Step 1: The Trustee sets up Government Gateway account

The trustee needs Government Gateway credentials for each trust they administer in order to appoint an agent to update the Trust Register in respect of that particular trust. If they have already got credentials for the trust, they can go straight to step 2.

To set up a Government Gateway user ID for the trust

  1. The trustee should go to and click on the green ‘Start now’ button at the bottom of the page.
  2. This will take the trustee to a page headed 'Sign in using Government Gateway'.  The trustee should click on the link to 'Create sign in details'  which is under the green button to sign in.
  3. The trustee will be asked to enter their email. HMRC will then send a confirmation code to verify the individual has access to the account.
  4. After entering the confirmation code, the trustee will be asked to supply their name and set up a password and recovery word. They will then be issued with a Government Gateway user ID.
  5. Once the User ID has been created the trustee will be asked for the type of account they need. The correct account to select for a trust is Organisation.

For digitally excluded trustees who can’t set up a Government Gateway, please see comments below.

Step 2: The trustee needs to claim the trust 

In order to ‘claim’ the trust, the trustee should either continue the process above or, if they have had to log out for any reason, go back to Manage Your Trust's Details page and follow the Start now green button at the bottom of the page and use the credentials created in step 1.

The trustee will need:

  • The Trust’s UTR
  • Details of the trust’s original registration.

The trustee will be asked to provide details that HMRC already knows about the trust from the original registration (or the latest update) in order to ‘claim’ it. This could be the name, date of birth and NINO of the lead trustee or another person associated with the trust – which could be one of the trustees, beneficiaries or settlors. It may therefore be helpful to provide the trustee with a copy of the initial registration where this has been done by the agent. The trustee can check the details entered and will be told if they have successfully claimed the trust.

If the trustee does not enter the correct details they will get a message that their answers do not match the details HMRC holds about the trust.
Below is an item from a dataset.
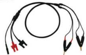
GTL-308 Test lead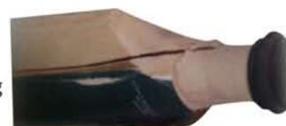
Crack in Shoulder

We highly recommend the use of this sleeve on your bat. This clear sleeve is the best protection for the face and edges of cricket bats. it is widely used by Test & First Class cricketers

Trustees will have three attempts to enter the correct information. If they are unsuccessful after the third attempt they will be locked out and will have to repeat the process after 30 minutes.

We have had reports that problems can arise where, on original registration, details of (say) a beneficiary’s passport number was provided rather than a NINO. We are looking into whether this is causing problems that might prevent a trustee claiming the trust.

Step 3 The agent signs into their Agent Services Account

Once the trustee tells the agent they have set up a Government Gateway account for the trust, the agent can sign in to their Agent Services Account (ASA). Under the ‘Trusts and Estates’ section there should be a link to ‘Ask your client to authorise you’. 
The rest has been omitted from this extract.